With the data received from the prover, the verifier is able to determine that the circuit is satisfied and validate the statement, thus determining that the prover holds the witness to the statement. The elliptic curve point can also be calculated. Upon receiving the data the verifier determines through calculations that the data complies with the statement. The invention is particularly suited to the zero knowledge proof of equivalence of a hash pre-image and an elliptic curve private key.

Thus, in accordance with the present invention there is provided a method and system as defined in the appended claims.

Thus, it is desirable to provide a computer-implemented method for a computer-implemented method for enabling zero-knowledge proof or verification of a statement in which a prover proves to a verifier that a statement is true while keeping a witness (W) to the statement a secret.
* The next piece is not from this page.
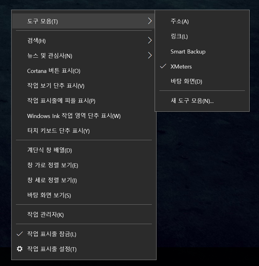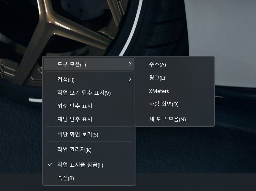작업 표시줄 우클릭 메뉴에 도구 모음이 안 뜸.
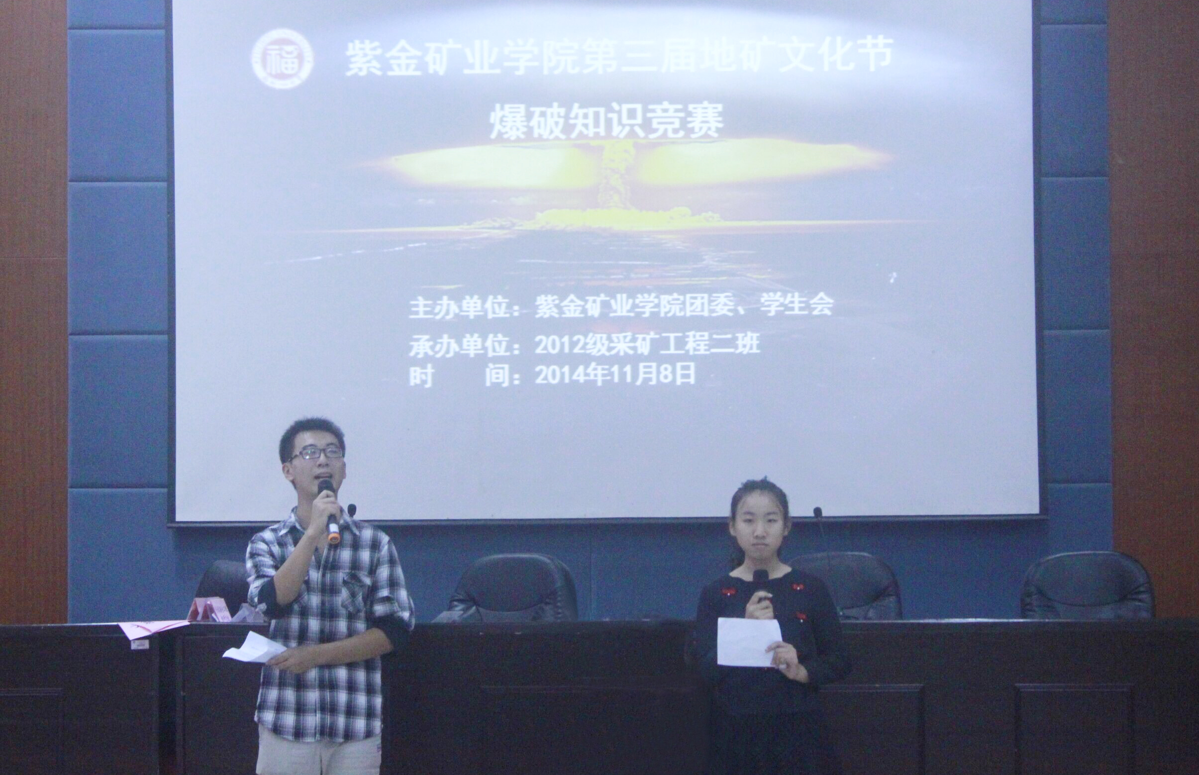 11月8日下午,由紫金矿业学院团委学生会主办,2012级采矿工程二班承办的成人影视 紫金矿业学院第三届地矿科技节爆破知识竞赛在紫金矿业学院三楼学术报告厅顺利举行。学院采矿教研室主任楼晓明、采矿教研室老师刘青灵受邀作为本次知识竞赛的评委。

The proof can be explicit proof.

There may be provided a computer-implemented method for enabling zero-knowledge proof or verification of a statement (S) in which a prover proves to a verifier that a statement is true while keeping a witness (w) to the statement a secret, the method including:

The method includes the prover sending to the verifier a set of data. The set of data includes a statement having an arithmetic circuit with m gates and n wires configured to implement a function circuit and determine whether for a given function circuit output (h) and an elliptic curve point (P), the function circuit input (s) to the function circuit, or a wire in the function circuit, is equal to the corresponding elliptic curve point multiplier (s). The function circuit can be a circuit that implements the function of a hash function. The pre-image to the hash function circuit or a wire in the function circuit can be equal to the corresponding elliptic curve point multiplier.

The data also includes individual wire commitments and/or a batched commitment. The or each commitment can be a wire inputs and outputs, which are encrypted, for gates of the circuit. The data also includes an input. The input operates as a key opening for a wire of the arithmetic circuit [elliptic curve point (P)]. Either the prover or verifier can name the wire. The input or key opening can be for the first wire in the circuit. The data also includes a function circuit output. The specification of the or each elliptic curve used in the statement can be included in the data.

After sending the data the prover receives from the verifier a challenge value and responds with an opening. The opening can be a value statement as per the Σ (sigma) protocol.

The opening values can be for each gate of the circuit that enable the verifier to determine that the statement is true and calculate the elliptic curve point.

As an alternative to awaiting a challenge, the prover can additionally send a proving key to the verifier. The proving key can be generated from the data that is part of the proof. The proving key can be a hash of one or more of the random numbers used in the proof.

The data sent to the verifier enables the verifier to determine that the circuit is satisfied and calculate the elliptic curve point and validate the statement, thus determining that the prover holds the witness to the statement.